But you are English too;
How can I comfort you?
Suppose I said: ‘Those gales that eastward ride
(Their wrath portended by a sinking glass)
With good St George of England are allied’?
Suppose I said: ‘They freshen the Spring grass,
Arab or Lapp would envy a fireside
Where such green-fingered elementals pass’?
No, you are English too;
How could that comfort you?
QUESTIONS IN A WOOD
The parson to his pallid spouse,
The hangman to his whore,
Do both not mumble the same vows,
Both knock at the same door?
And when the fury of their knocks
Has waned, and that was that,
What answer comes, unless the pox
Or one more parson’s brat?
Tell me, my love, my flower of flowers,
True woman to this man,
What have their deeds to do with ours
Or any we might plan?
Your startled gaze, your restless hand,
Your hair like Thames in flood,
And choked voice, battling to command
The insurgence of your blood:
How can they spell the dark word said
Ten thousand times a night
By women as corrupt and dead
As you are proud and bright?
And how can I, in the same breath,
Though warned against the cheat,
Vilely deliver love to death
Wrapped in a rumpled sheet?
Yet, if from delicacy of pride
We choose to hold apart,
Will no blue hag appear, to ride
Hell’s wager in each heart?
THE PORTRAIT
She speaks always in her own voice
Even to strangers; but those other women
Exercise their borrowed, or false, voices
Even on sons and daughters.
She can walk invisibly at noon
Along the high road; but those other women
Gleam phosphorescent – broad hips and gross fingers –
Down every lampless alley.
She is wild and innocent, pledged to love
Through all disaster; but those other women
Decry her for a witch or a common drab
And glare back when she greets them.
Here is her portrait, gazing sidelong at me,
The hair in disarray, the young eyes pleading:
‘And you, love?
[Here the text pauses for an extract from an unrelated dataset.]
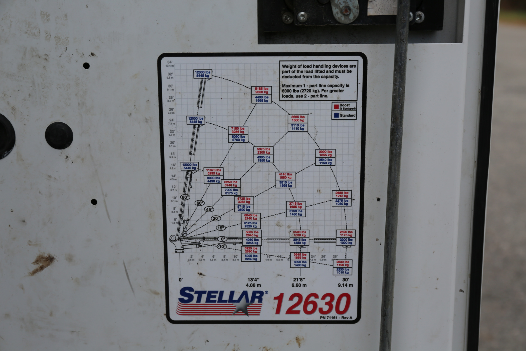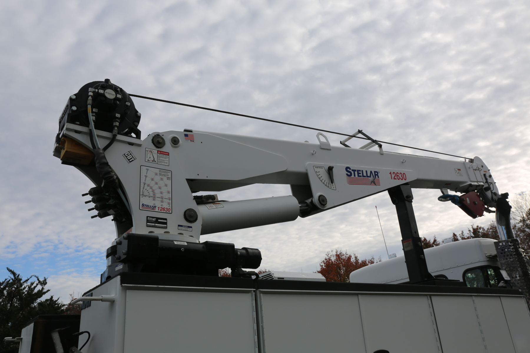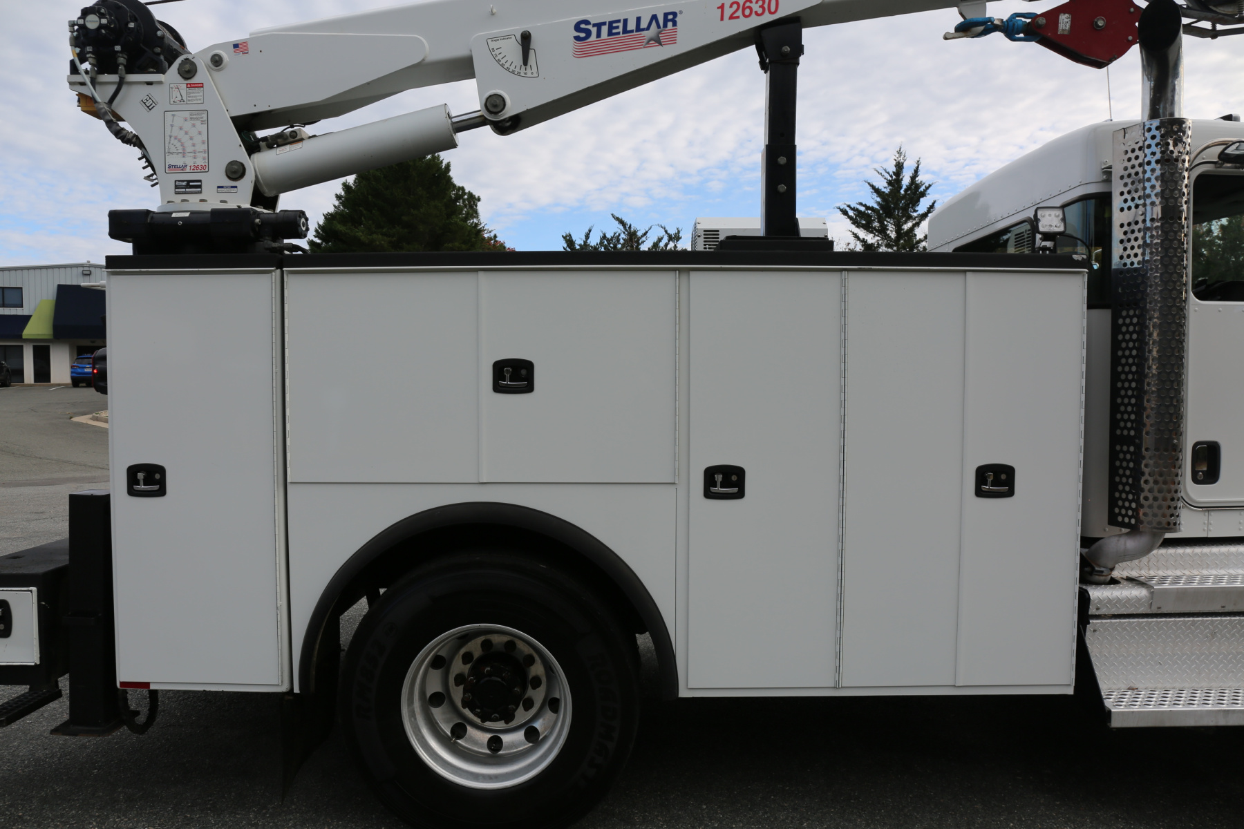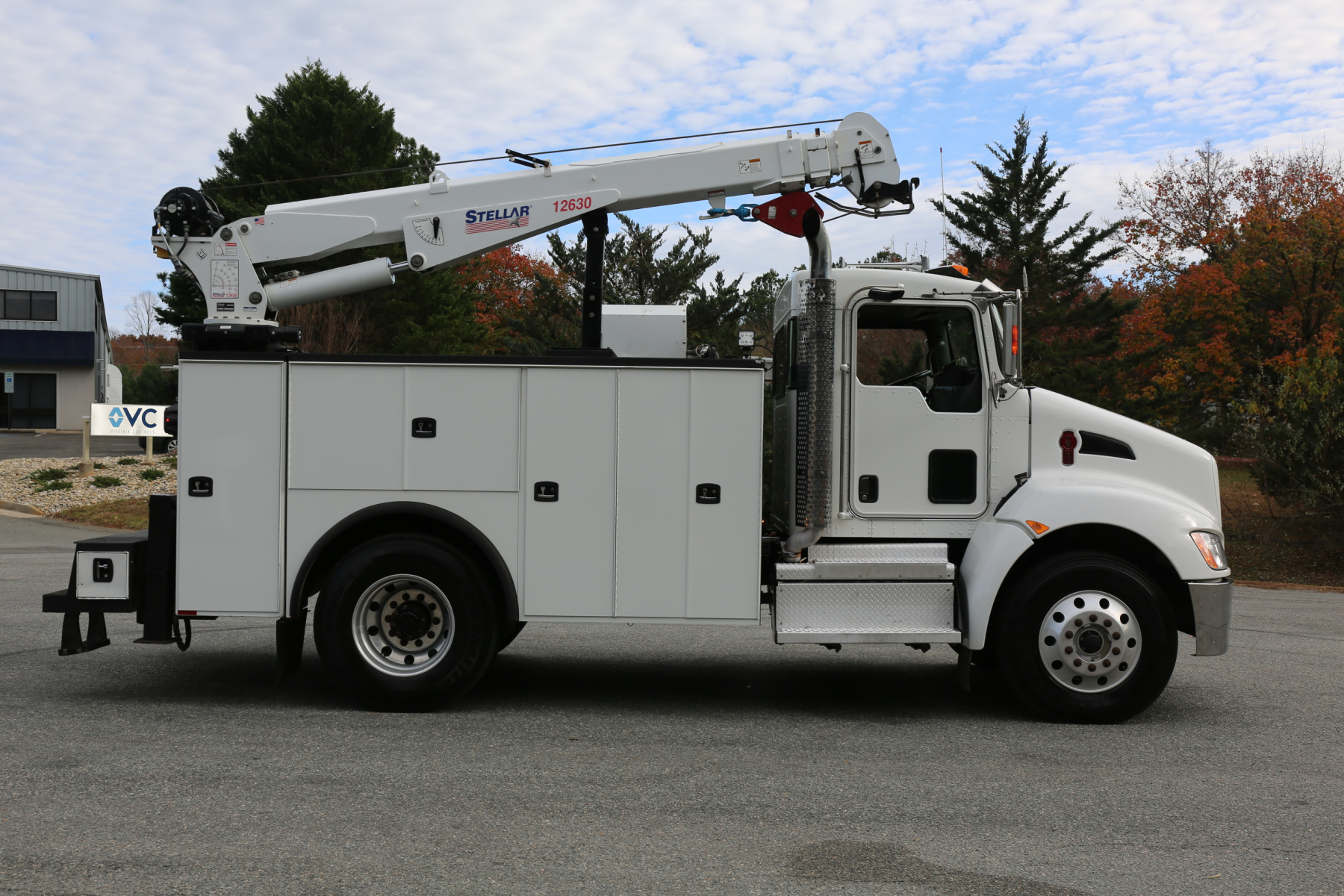The crane is a Stellar 12630 crane, with a 12,000# maximum lifting capacity and a two stage extension out to 30′ of reach. Run off a factory wireless remote – the remote controls the compressor, and can turn the truck on and off.

As unlike those other men
As I those other women?’
DARIEN
It is a poet’s privilege and fate
To fall enamoured of the one Muse
Who variously haunts this island earth.
She was your mother, Darien,
And presaged by the darting halcyon bird
Would run green-sleeved along her ridges,
Treading the asphodels and heather-trees
With white feet bare.
Often at moonrise I had watched her go,
And a cold shudder shook me
To see the curved blaze of her Cretan axe.
Averted her set face, her business
Not yet with me, long-striding,
She would ascend the peak and pass from sight.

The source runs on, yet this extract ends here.